Remember that the integral I wrote down in #37 is valid only for the case where g can be considered constant. As Samshorn pointed out a number of posts ago, for the specific case in question (elapsed time of one hour for the clock on the ground), g *can't* be considered constant, so the integral gets more complicated.

For the case where g can be considered constant, yes, you would maximize the integral in #37, which actually amounts to maximizing the expression in brackets--more precisely, you would find the function h(t) that maximizes the expression in brackets.

I'm not sure what you mean by "use a Newtonian equation".
 
  • #41
I still have not been able to figure this out. I stopped working on it for a while because I've been extremely busy. So to recap, when I apply calculus of variation (Euler-Lagrange) to the integrand on post #37, I get a(t) which I can integrate once to obtain v(t) and once more to obtain h(t). Then what do I do with those equations in respect to time, simply plug in a value for t or what? That's the part that is throwing me off a bit.
 
  • #42
Alcubierre said:
when I apply calculus of variation (Euler-Lagrange) to the integrand on post #37, I get a(t) which I can integrate once to obtain v(t) and once more to obtain h(t). Then what do I do with those equations in respect to time, simply plug in a value for t or what?

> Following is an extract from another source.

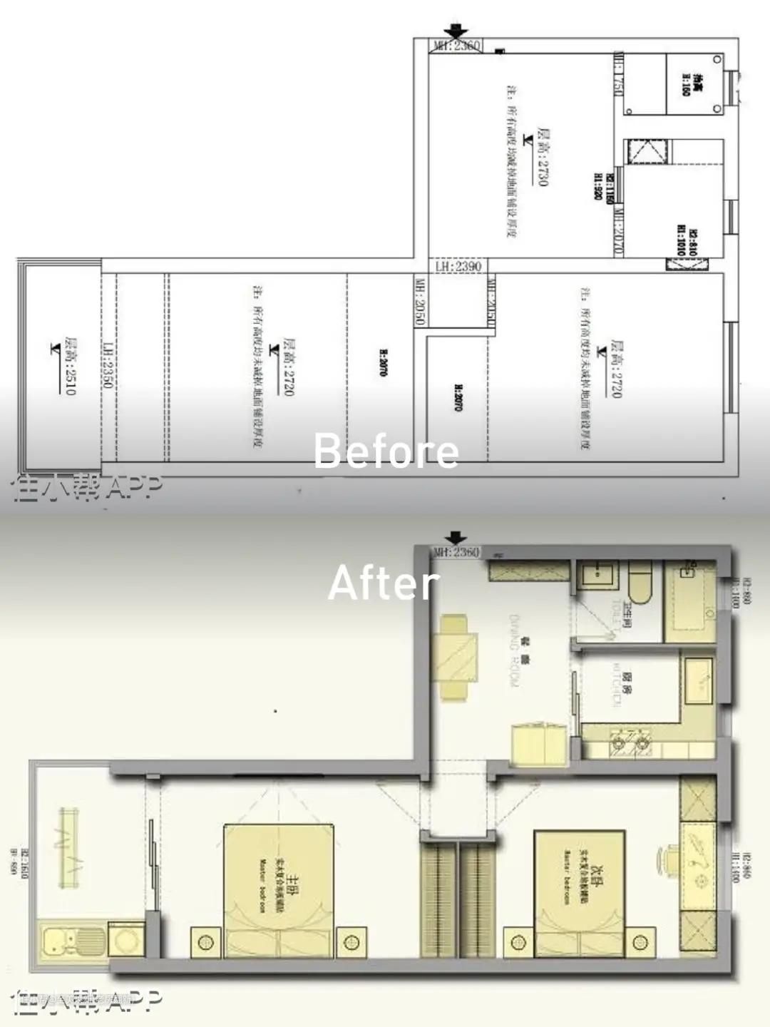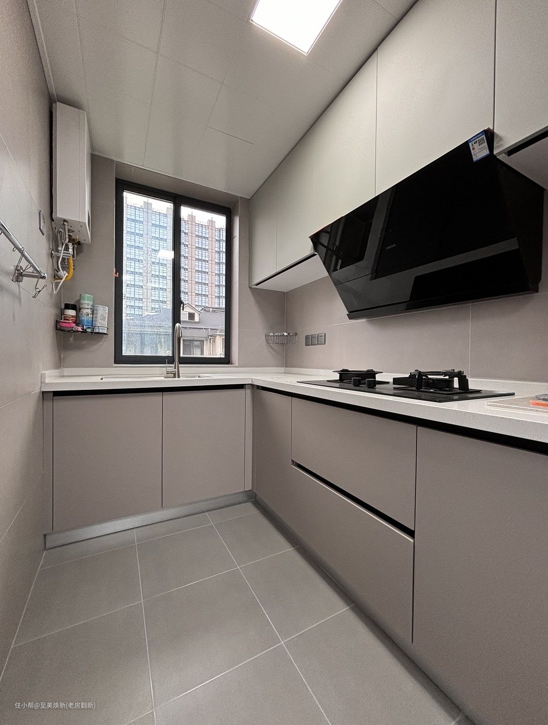 改造前的厨房,狭小拥挤,灶台早已被油烟熏黑,就连上面的瓷砖也破旧不堪,屋内墙面上更是沾满了油污和灰尘,置物和收纳空间完全不足,看上去又脏又旧。 - 改造后的厨房,拆除原有装修,将空间的布局与使用功能完美结合。L形的橱柜布局方案更适合小户型厨房,水槽放短边、中间是操作台,满足厨房洗-切-炒的动线需求,留出1~2人的活动空间,一起做饭不会拥挤。

If you want to answer the question posed in the OP (in the Feynman quote), the function h(t) *is* the answer.

If you want to find the actual numerical value of the height at a given time t, yes, plug that value of t into the function h(t). Note that, as I said in an earlier post, h(t) will have a term v_0 t, as well as the - 1/2 g t^2 term, corresponding to an initial upward velocity v_0. To find the actual numerical value of v_0, you use the fact that h(t) = 0 when t = 1 hour; that let's you solve for v_0 in terms of g.
 
  • #43
So what is the difference between using 1/(c^2)[gh - .5gh'^2] (from post #37) and GM/(R^2) - .5gh'^2?
 
  • #44
Alcubierre said:
So what is the difference between using 1/(c^2)[gh - .5gh'^2] (from post #37) and GM/(R^2) - .5gh'^2?

I'm not sure what you actually meant to ask about with the second formula. If you meant this (note that I have inserted an h in the first term and a factor of 1 / c^2 in front to make the units the same as those in the first formula)...

\frac{1}{c^2} \left[ \frac{GM}{R^2} h - \frac{1}{2} \left( \frac{dh}{dt} \right)^2 \right]

...then this is just a rewrite of the first formula with GM/R^2 substituted for g. But if you meant the alternate formula I gave in post #20, you've left out a term and got an extra factor of R in the first term; it should be (correcting the units again):

\frac{1}{c^2} \left[ \frac{GM}{R} - \frac{GM}{R + h} - \frac{1}{2} \left( \frac{dh}{dt} \right)^2 \right]

If the latter is what you meant, the difference between the two formulas is that the first is only valid for short trajectories, while the second is valid generally. As Samshorn pointed out in a fairly early post in this thread, a one-hour time of flight, which is the actual number posed in the OP, is long enough that the first formula is not valid. However, as I pointed out in a somewhat later post, integrating the second formula is harder because of the h in the denominator of the second term.